Le professionnel conteste au passage l’argument lié aux fortes chaleurs. « Lors de la Fête de la musique, il faisait 35 ou 36 degrés et nous avons eu le droit de travailler. Tout s’est très bien passé. Mardi, les températures annoncées sont moins élevées. Il faut tenir compte de l’évolution de la météo et adapter les décisions. S’il faisait encore 40 degrés à minuit, je pourrais comprendre. Mais là, il faut nous laisser travailler un peu. » Pour lui, ces restrictions interviennent dans une période déjà particulièrement difficile pour les bars et les restaurants. « Nous souffrons suffisamment de la baisse de fréquentation et de chiffres d’affaires fragiles. Les grandes soirées comme celle-ci nous permettent de compenser les périodes creuses. Si on nous enlève également ces rendez-vous, cela va devenir de plus en plus compliqué. »
Le bistrotier craint aussi l’incompréhension des clients. « Les gens vont sortir de chez eux et chercher un endroit pour regarder le match. Ils ne comprendront pas pourquoi ils ne peuvent pas boire un verre debout devant un établissement. Cela risque de créer des tensions. Nous sommes prêts à être responsables, mais il faut que les mesures restent applicables. » Plus largement, il dénonce des arrêtés appliqués uniformément à l’ensemble de l’Ille-et-Vilaine, sans tenir suffisamment compte des différences de températures entre Rennes et le littoral. Il demande ainsi à ce que les maires soient compétents pour réglementer ces autorisations ou interdictions. « Il peut faire 35 degrés à Rennes et seulement 28 degrés sur la côte. Pourtant, les mêmes interdictions s’appliquent partout.

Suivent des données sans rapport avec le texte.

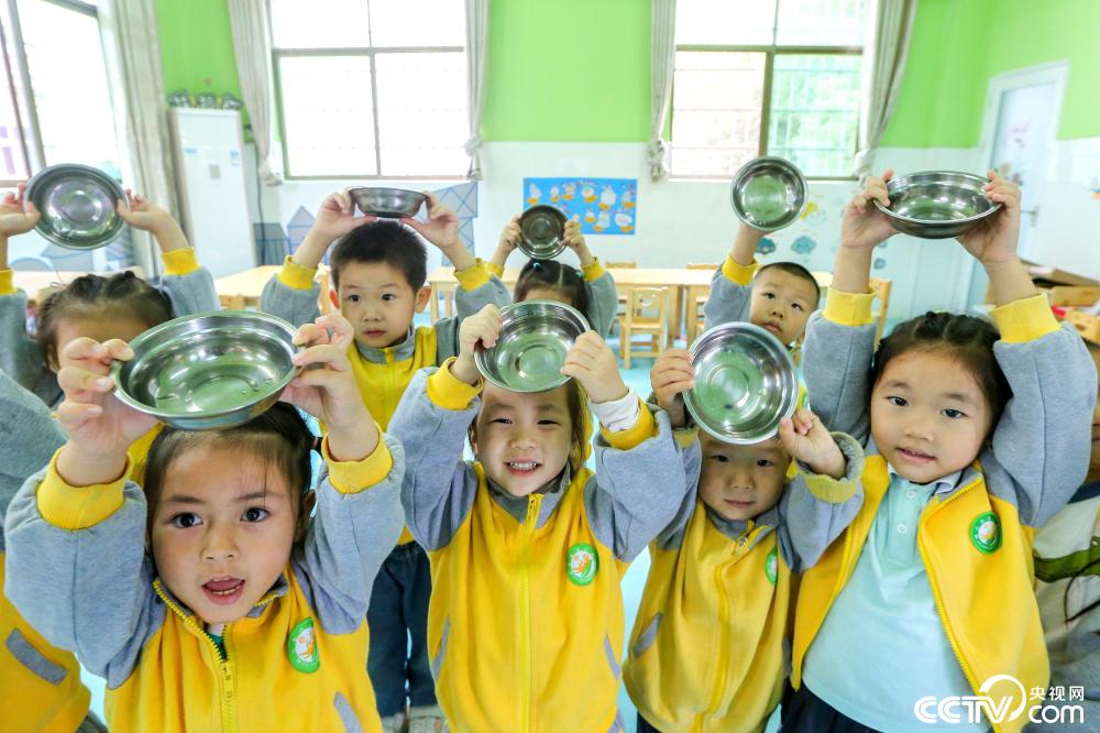 2019年10月14日,江西省吉安市峽江縣幼兒園的孩子們在展示自己飯后干凈的飯碗。圖片來源:視覺中國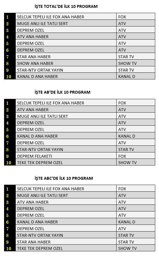 Bir başka reyting ölçümü olan AB'de ise 1.sırada yine “Selçuk Tepeli İle Fox Ana Haber” yer alırken 2.sırada “Atv Ana Haber”, 3.sırada “Müge Anlı İle Tatlı Sert” canlı yayını kendine yer buldu. ABC'de ise ilk sırayı Selçuk Tepeli ile Fox Haber alırken Müge Anlı 2. sırada Atv Deprem yayını 3. sıraya yerleşti.
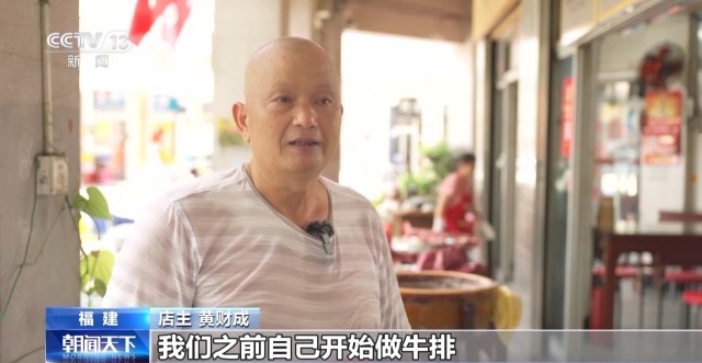 店主 黄财成:一百多年前国外的人来泉州经商,基本上都是吃牛肉的。我们之前自己开始做牛排、牛肉羹、牛杂。当年我爷爷去南洋帮厨,再来到我们这边改良,特别是华侨大学的留学生,周六周日都来我们这家店吃。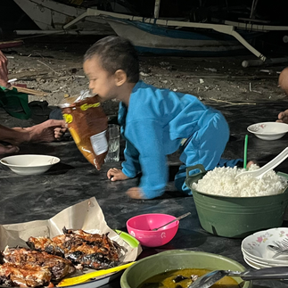 Jetzt mussten wir uns beeilen, weil wir hier immer so versackten, hatten wir gerade noch Zeit zu duschen und fuhren dann zum Fischer. Erst standen wir hilflos herum, sahen den Fisch schon auf der Feuerstelle, Schüsseln mit Reis und Fischsuppe. Wir waren froh zwei große Cola-Flaschen (hier Luxus) und Toast (sehr beliebt bei Cencens Enkel) mitgebracht zu haben und stellten es auf die Plane hinzu. Mit der für Franzosen meiner Meinung nach üblichen Unpünktlichkeit kam erst Thibault, gefolgt von seinen Eltern und dann einem reisenden Kumpel. Zusammen mit Cencens Familie setzten wir uns im Kreis auf die Plane und genossen den frischen Fisch.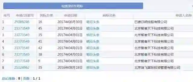 “高沃知识产权”称,目前涉及“明日头条”的商标注册有8个,都处于申请注册阶段,尚未注册下来,其中注册方并没有新浪公司。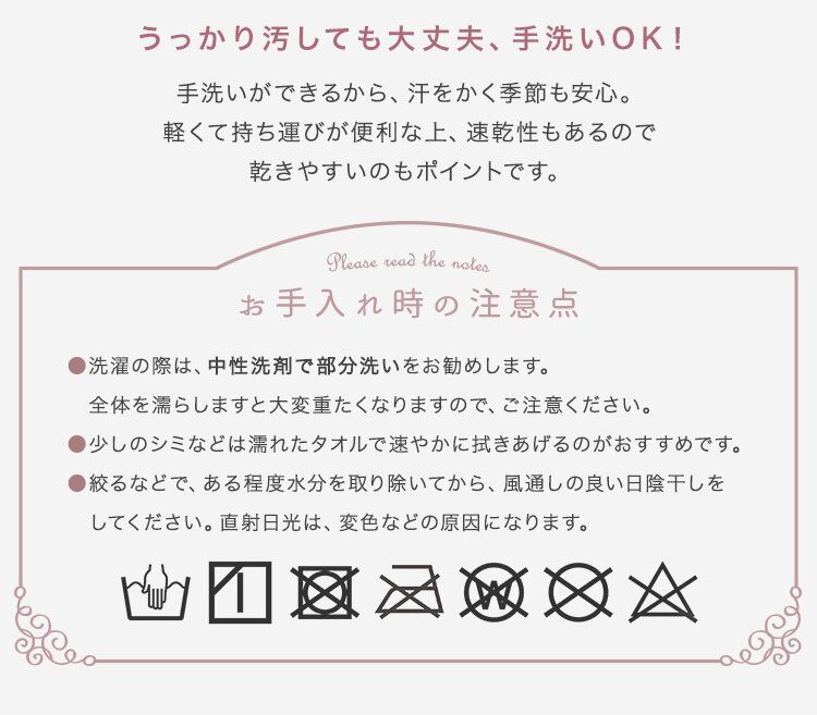 汚れても手洗いが出来るから汗をかく季節でも安心!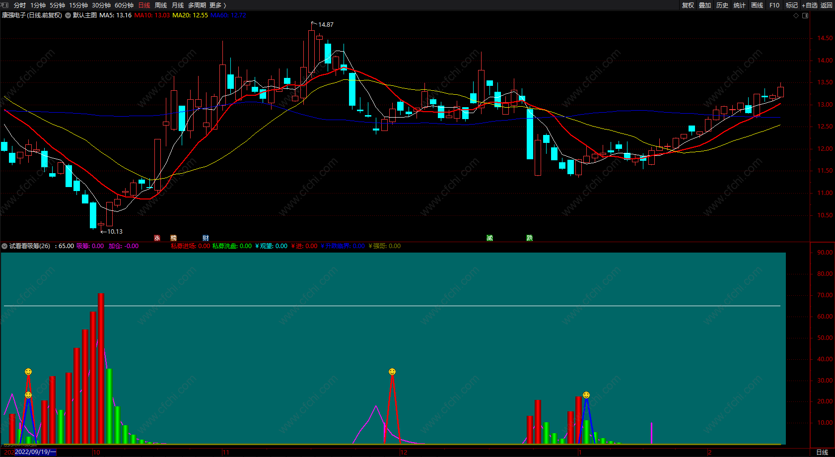 精华版:分时主力吸筹:增加了买入点提示,效果不错。手机电脑都可用。

À un moment donné, il faudrait peut-être permettre aux collectivités d’adapter les décisions à la réalité locale. »
La préfecture justifie ces mesures par la nécessité de prévenir les débordements liés aux festivités du 14-Juillet et au match France-Espagne. Selon les services de l’État, la consommation d’alcool sur la voie publique favorise les violences, les nuisances et les troubles à l’ordre public. Dans un contexte de fortes chaleurs, les autorités souhaitent également éviter les alcoolisations massives et limiter la pression sur les services de secours et les urgences hospitalières. La préfecture a par ailleurs interdit les feux d’artifice dans le département jusqu’au mercredi 15 juillet, en raison du risque élevé d’incendie. Mais pour certains professionnels rennais, les autorités doivent encore revoir leur copie concernant les bars. « Nous ne demandons pas un passe-droit. Nous demandons simplement une mesure proportionnée et applicable. Mardi soir, il faut nous laisser travailler», ajoute un autre chef d’établissement bien connu à Rennes.